-------- INPUT DATA --------

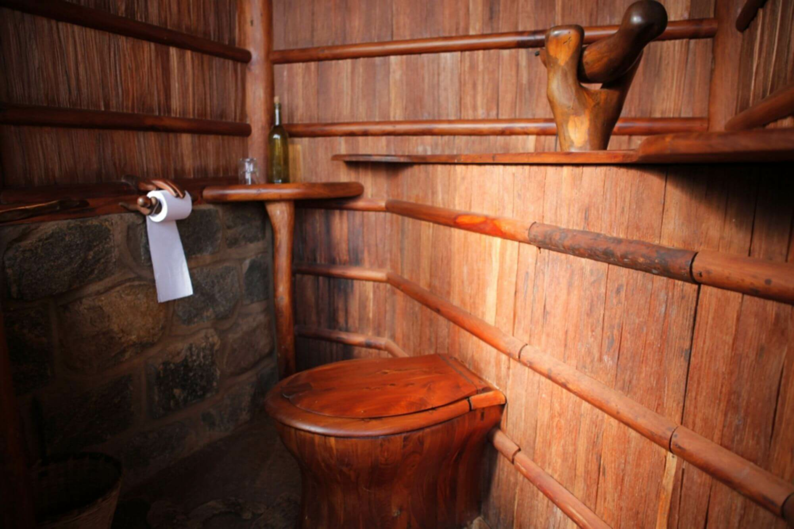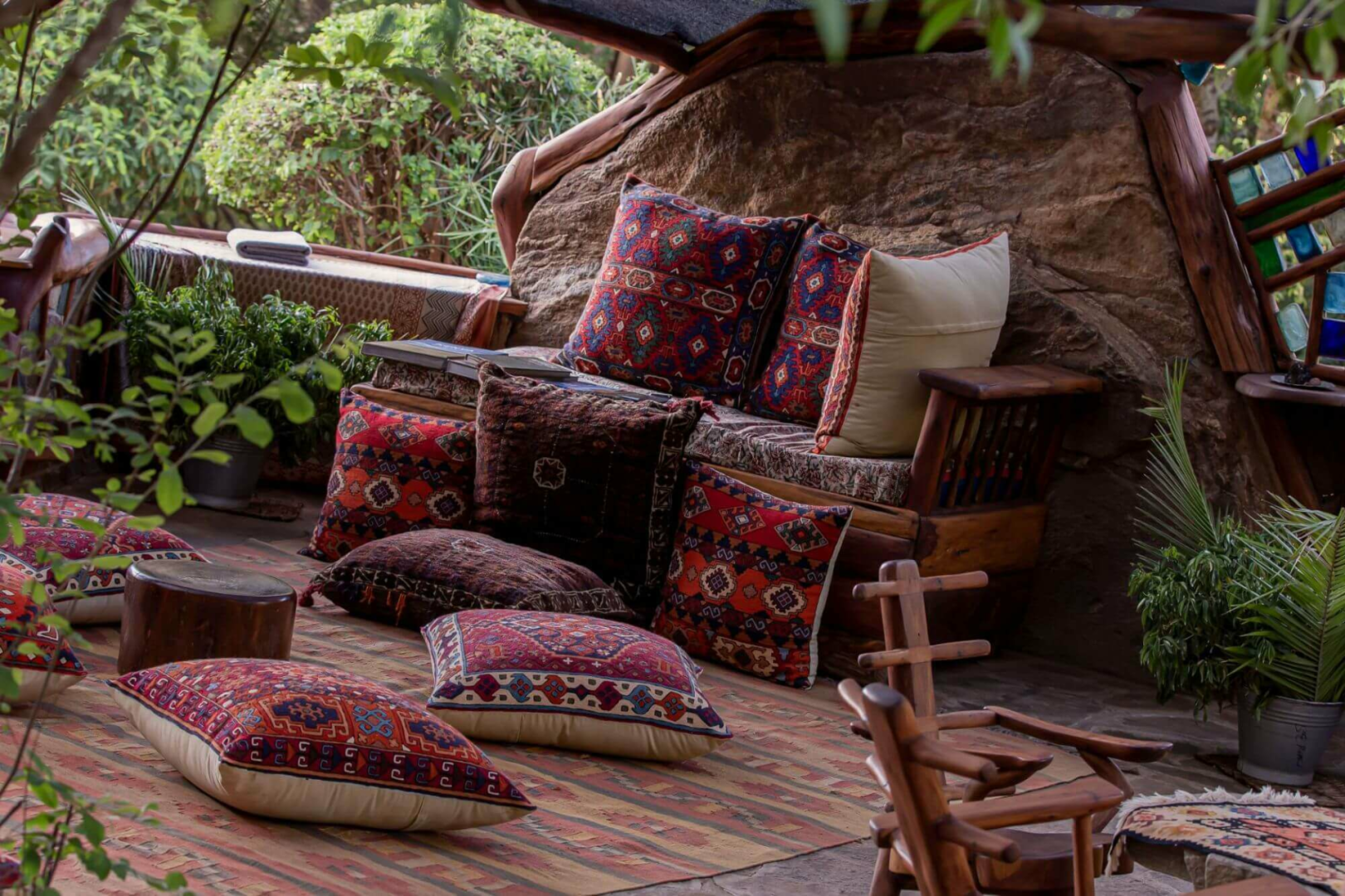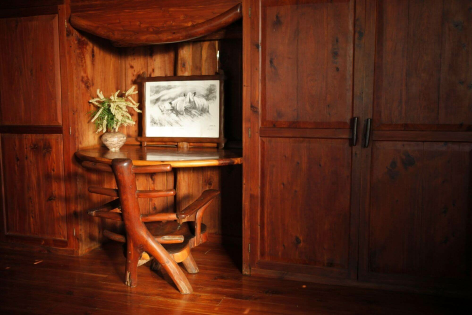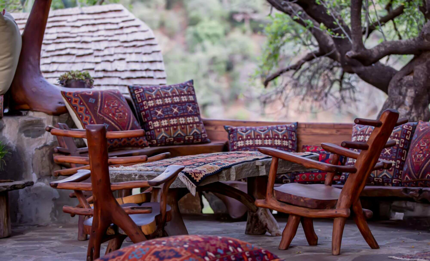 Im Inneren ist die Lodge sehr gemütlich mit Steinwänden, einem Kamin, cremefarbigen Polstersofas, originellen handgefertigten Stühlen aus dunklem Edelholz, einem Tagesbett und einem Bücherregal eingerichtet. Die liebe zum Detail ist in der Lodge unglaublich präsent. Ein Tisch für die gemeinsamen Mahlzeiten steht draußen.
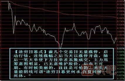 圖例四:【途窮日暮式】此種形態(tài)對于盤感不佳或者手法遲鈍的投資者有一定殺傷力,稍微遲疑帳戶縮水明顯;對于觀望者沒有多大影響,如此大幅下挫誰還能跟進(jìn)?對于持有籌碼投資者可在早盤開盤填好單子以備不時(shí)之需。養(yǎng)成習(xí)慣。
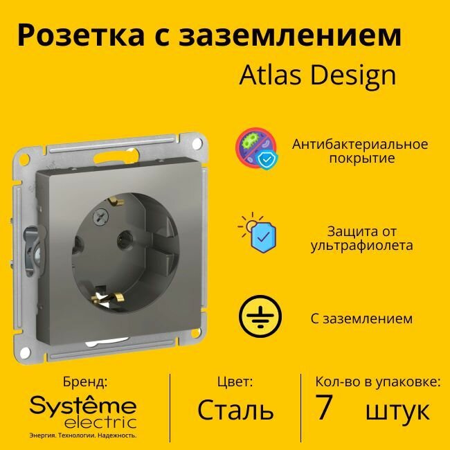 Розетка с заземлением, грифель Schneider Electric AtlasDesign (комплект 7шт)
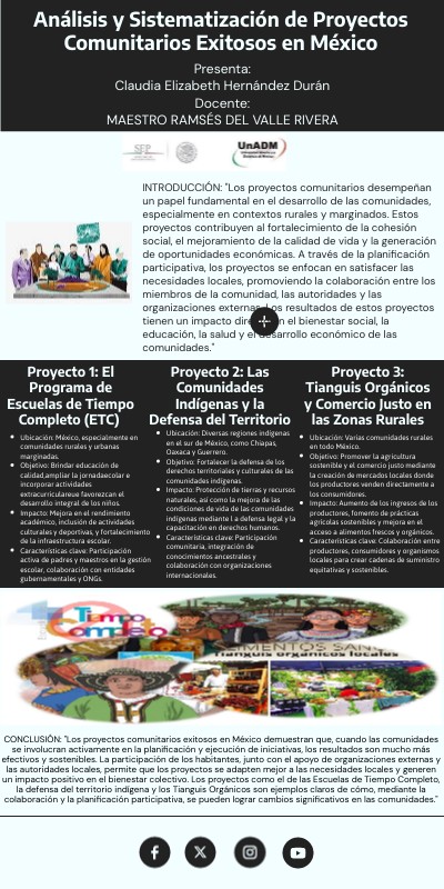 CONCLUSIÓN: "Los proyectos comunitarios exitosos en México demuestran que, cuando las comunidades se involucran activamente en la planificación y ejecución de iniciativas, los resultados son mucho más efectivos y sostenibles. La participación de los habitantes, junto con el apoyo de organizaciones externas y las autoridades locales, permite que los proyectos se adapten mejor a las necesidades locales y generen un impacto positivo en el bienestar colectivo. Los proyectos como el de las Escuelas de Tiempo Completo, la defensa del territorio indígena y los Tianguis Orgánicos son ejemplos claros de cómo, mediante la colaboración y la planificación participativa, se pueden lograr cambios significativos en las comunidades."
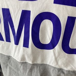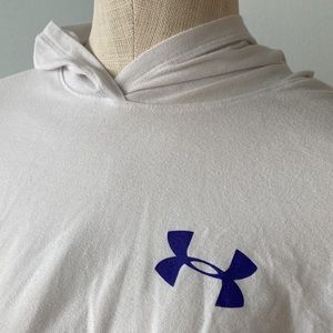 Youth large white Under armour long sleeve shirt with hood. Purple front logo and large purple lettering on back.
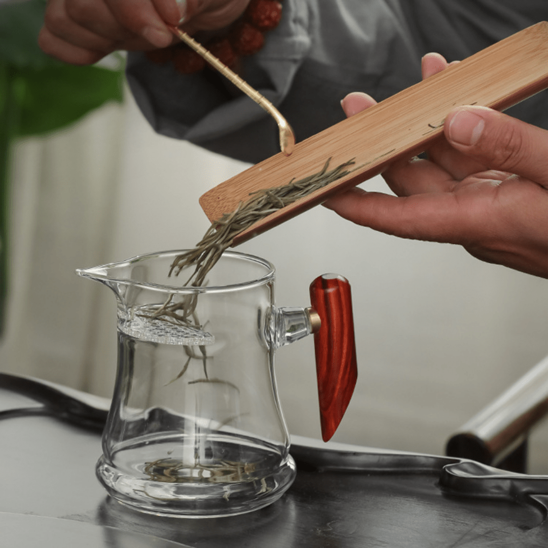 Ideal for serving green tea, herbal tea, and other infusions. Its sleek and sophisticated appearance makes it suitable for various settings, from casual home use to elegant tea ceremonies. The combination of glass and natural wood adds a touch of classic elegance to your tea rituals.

--------

→ **WORK INSTRUCTIONS**: Above are entries with pictures among them. Write out exactly the lines from the one containing "圖例四:【途窮日暮式】此種形" through the one containing "Розетка с заземлением, грифель", ends included, and leave those pictures out.

→ **ANSWER BOX**:
 圖例四:【途窮日暮式】此種形態(tài)對于盤感不佳或者手法遲鈍的投資者有一定殺傷力,稍微遲疑帳戶縮水明顯;對于觀望者沒有多大影響,如此大幅下挫誰還能跟進(jìn)?對于持有籌碼投資者可在早盤開盤填好單子以備不時(shí)之需。養(yǎng)成習(xí)慣。
 Розетка с заземлением, грифель Schneider Electric AtlasDesign (комплект 7шт)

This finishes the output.